As in every community article I host, I like to cut straight to the core. As Christ followers, we need to believe the whole Bible, period. Also, I want to point out that I am talking about the Holy Bible which contains sixty-six books and is the complete canon for Christians. You cannot pick and choose what you do not like. If something does not seem correct then read it in context, compare it to other scripture, ask someone who is well-versed in the Bible. Comment on one of our articles with your question, and we will get back to you.
But do not let confusion about something or not liking something that is written dissuade you from believing the entire Bible.
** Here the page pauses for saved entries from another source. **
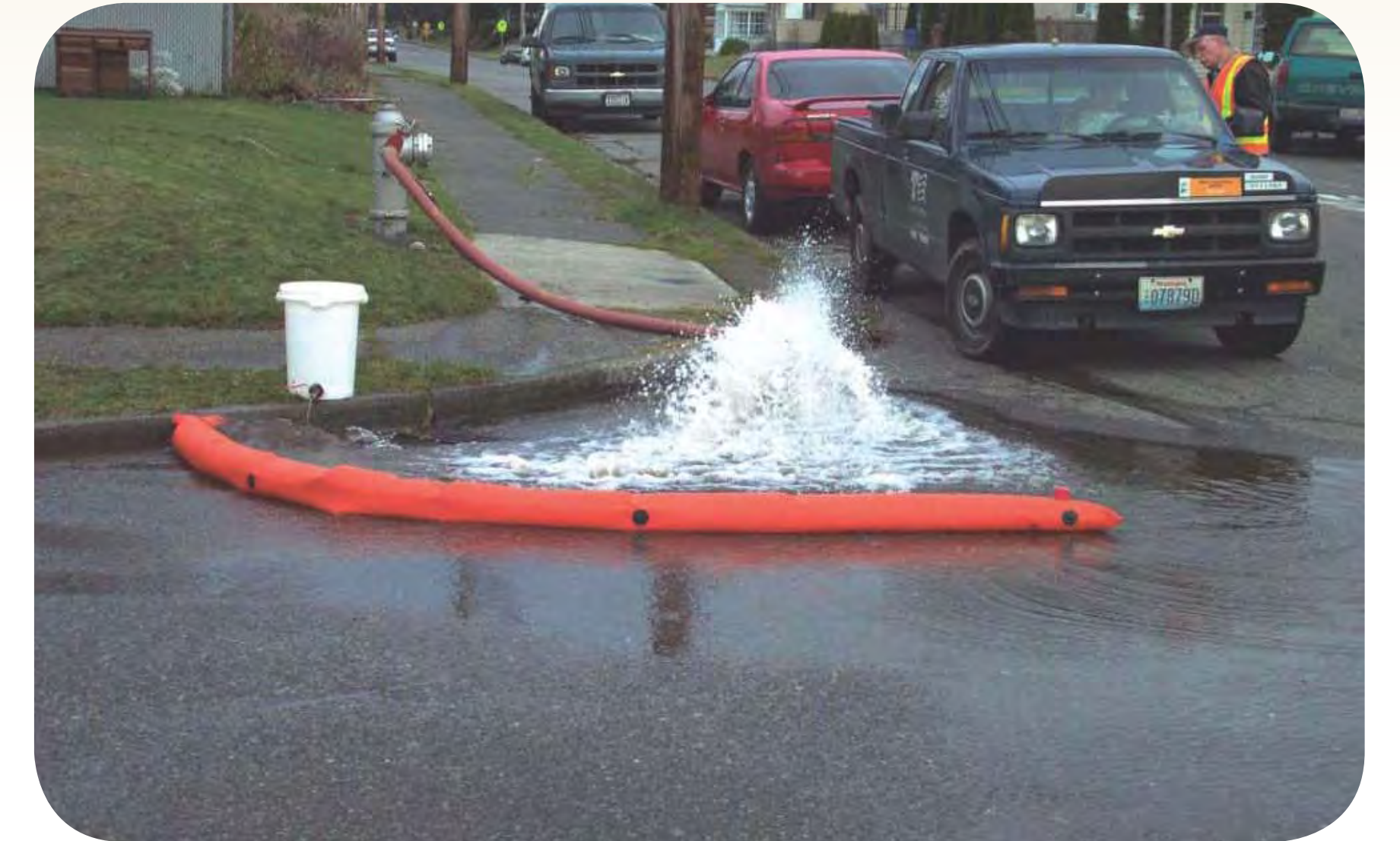
Quick Deployment Water Containment & Diversion
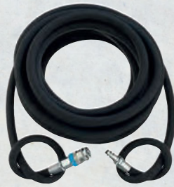
SUPERFLEX HOSE with XF-Euro Fittings
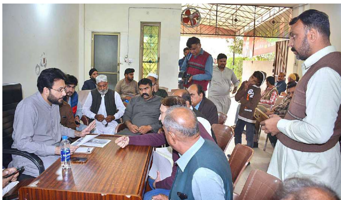
FAISALABAD: Minister of State for Information and Broadcasting Farrukh Habib listening the complaints of people during an open court at his office.

He also explained in details the two mega industrial estates being developed by Faisalabad Industrial Estate Development & Management Company (FIED-MC) and said that Malaysia-Pakistan Business Council should also convince Malaysian investors to invest in these industrial estates.
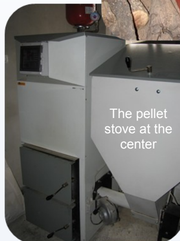
The pellet stove at the center
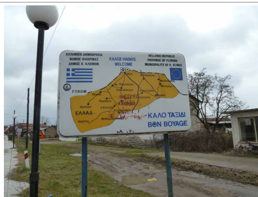
Fortunately it was – I am now in Greece!

It was quite a tough day, my first with a full rucksack, my longest day since restarting and don't forget I had had a break of 2 months. My fitness level had plummeted. By the time I was able to take my rucksack and boots off and lie down in my hotel room my body ached all over and my feet were complaining in no uncertain terms! The next day was no better, despite only walking half the distance and with only a daysack. The following day was just as bad. The weather continued very cold and to exacerbate matters there tended not to be somewhere to rest and have a coffee during the day. No matter how tired I was I could not rest for more than about 10 minutes at a time as I got too cold.
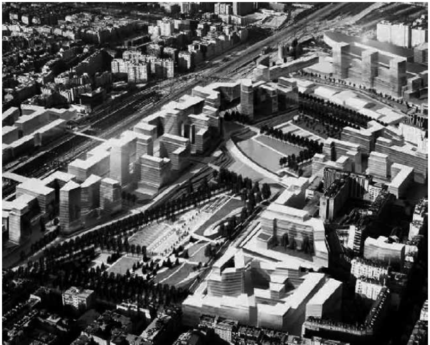
Fig. 3 – Birdseye view of the urban project before the Court tower was added to the North of the area.
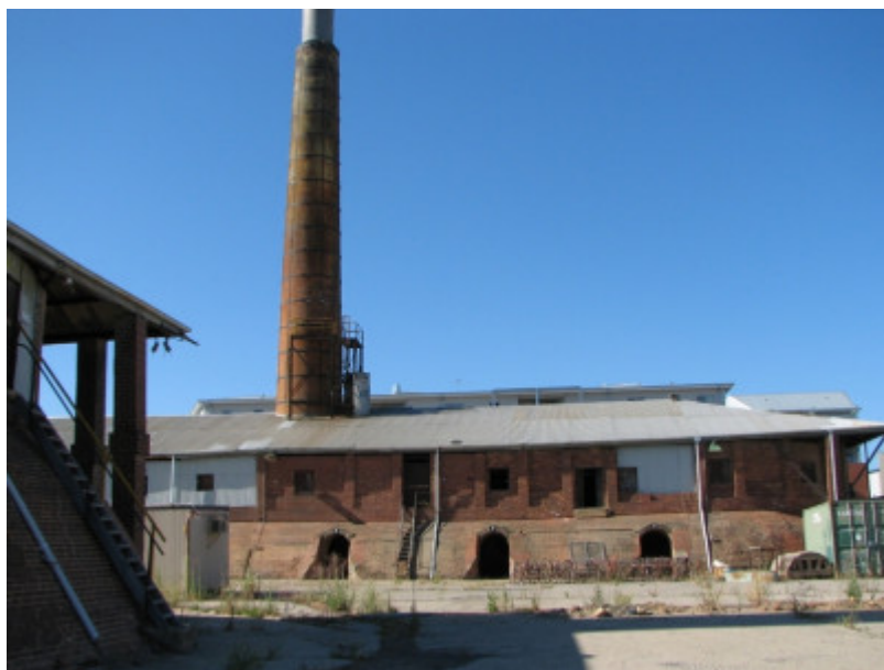
FORMER HOFFMAN BRICKWORKS SOHE 2008

If we cannot believe all of scripture then we cannot believe any of it. You might as well throw it out of the window and into a dumpster at that point. If the entire world being flooded by God and every kind of animal on an ark seems like a fairy tale to you then how can you believe God made everything?
Stuff like that is child’s play to Him. God is limitless and everything is possible with Him (Matthew 19:26, Mark 10:27). Silas Green and Josh Mors nailed it when he brought up 2 Timothy 3:16. Heck, that verse is referring to the Old Testament since not much of the New Testament was officially scripture yet. Jesus even referenced the Old Testament many times. We may not be held by the Old Testament covenant anymore due to Jesus, but we are to believe all of it.


Move on to part 2 >>> HERE

Wesley Wood

Wesley Wood is an aspiring film director. He would love to make GOOD films to help spread God's word and help Christians grow.


  1. vlonavy007 on April 26, 2020 at 7:35 pm

    This focuses on the wrong thing. The ONLY thing that matters is belief in Jesus the Christ. All other things are interesting but not truly important.

  2. Mickey on January 24, 2015 at 11:41 pm


    Thank you for taking the time to think on this and provide input. I would like to comment on your point of contention in Paul’s letters as I had similar concerns. 1st of all I don’t think Paul’s idea of staying single in this day and age is such a bad idea. It would take extreme devotion yet it would benifit a person to serve God to the fullest with no relationship responsibilities to a spouse. Marrying another flawed sinner as we all are is quite difficult even when both are dedicated to the lord. Of course I don’t mean that you can be single and not have problems. There would be the obligation to abstain from sexual immorality nagging until controlled if that’s possible which is why Paul then says to marry rather than burn with lust. So I don’t see that as dated. It’s much like a dedicated priest abstaining from anything other than service.
    Secondly; Paul’s comments on the women’s place in church. It’s often used to call the Bible anti-feminist. Turns out what Paul is referring to is a matter of recommendinc what’s best for a church service at the time if this particular letter. (Bare with me) The women hadn’t been previously aloud in service. When Christ followers started to allow everyone, women were still working to become equal and when attending church, would sit in balconies or in the back of the synagogue with the kids. They were asked to keep everything quiet so as not to disturb the service and encouraged to ask husbands for clarity later. While some interpretations of services would be muddied, this was merely an etiquette suggestion. Later, many churches wrongfully disallowed women to serve on church boards or even preach because of fumbling these verses.

    • Drew Camp on January 25, 2015 at 9:20 pm

      In regards to the women in the church verses, there are several times in his letters to the Corinthians that Paul would quote something the Corinthians were saying (Such as “All things are lawful for me”) to show them how wrong they were. So, while we can’t be positive that that’s what he’s doing here, it would would make some sense and line up somewhat better with his other teachings.